Dans une de ces nuits-là, des hommes, des femmes et des enfants sont sortis de chez eux. Ils ont marché dans ma rue pour rejoindre l’appartement d’Ethan et Eliakim, prisonniers à Gaza. Colocataires, amis d’enfance, ils ont été enlevés après avoir sauvé des vies au festival Tribe of Nova. Le samedi 7 octobre. Ils étaient retournés sur les lieux du massacre en cours pour mettre à l’abri les corps de deux femmes assassinées, pour les protéger de ces monstres qui, forts de leur immense courage, s’en prennent même aux dépouilles.
Ethan et Eliakim ont été enlevés. Ensemble aussi dans cette épreuve. Deux parmi 239.
Depuis plus d’un mois, sans nouvelles, leurs parents, leurs amis, leurs voisins, leurs collègues ne peuvent qu’imaginer leur calvaire en captivité. Peut-on vraiment l’imaginer ? Ni Croix ni Croissant rouges ne se mêlent de les secourir. Ne s’inquiètent de leur sort. Outrés de cette indignité, on ne s’en étonne pas. Il y a des antécédents…
Pourtant à Jérusalem, on ne perd pas espoir. Parce que l’espoir est si juif qu’Israël en a fait son hymne. Aussi, le père d’Ethan apportera ce soir dans la maison des deux otages un rouleau de la Torah. La prière, le sacré, première et ultime ressource.

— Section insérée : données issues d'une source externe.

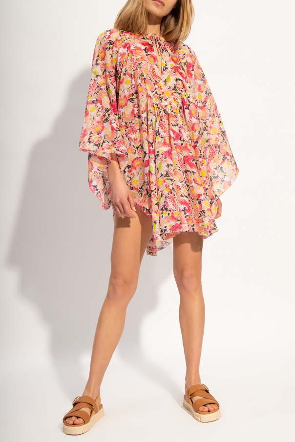 Multicolored ‘Watercolour Floral’ beach dress from Stella McCartney. Crafted from cotton, this flared design features a floral motif, tie neck and short sleeves.
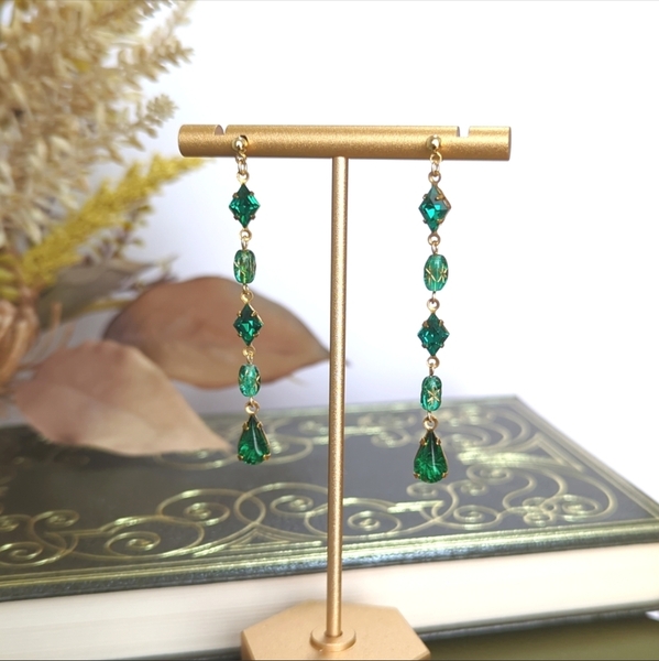ペリドットやクリスタルビジューがきらめくピアス~グリーン系~(イヤリング変更可)

Le cortège désordonné, car le désordre aussi est juif, avançait lentement, les gens discutant à voix basse. Aux premières notes de musique, qui ont traversé le silence, je me suis redressée. Surprise. Presque choquée. « Ben quoi, on porte un Sefer Torah, on l’accueille dans la joie », m’explique un inconnu. Il a raison. Je me raisonne. La joie, oui. La joie n’est jamais mauvaise. Mais je me rappelle les récits des survivants du pogrom. Les rires de ceux qui tuaient. Leur joie. Mauvaise… Heureusement, les chants me détournent de ces pensées.
Sur le trottoir, devant l’appartement d’Ethan et Eliakim, un buffet improvisé propose des réconforts, salés, sucrés. Une dame âgée se penche au-dessus de la table. Elle hésite avant de choisir une barre chocolatée. Puis elle s’éloigne. Elle reviendra. Autour, les gens chantent, les gens dansent, pour encourager ce père, pour soutenir sa foi, au cas où elle fléchirait. Israël réuni dans toute sa diversité crie à la face du monde son obstination à jouir, à profiter de la vie, à croire en son avenir, en l’amour, la beauté et la miséricorde. À mesure que les gens affluent, les chants enflent de leurs voix, réveillant le quartier, le remplissant d’une couleur que je croyais perdue. Face à tant de vigueur, de chaleur, de fraternité, ma tristesse va se rhabiller.
Et moi qui, il y a peu, avais cédé à la détresse, je rentre chez moi forte. Et aussi résolue à vivre que je l’étais alors à me laisser mourir.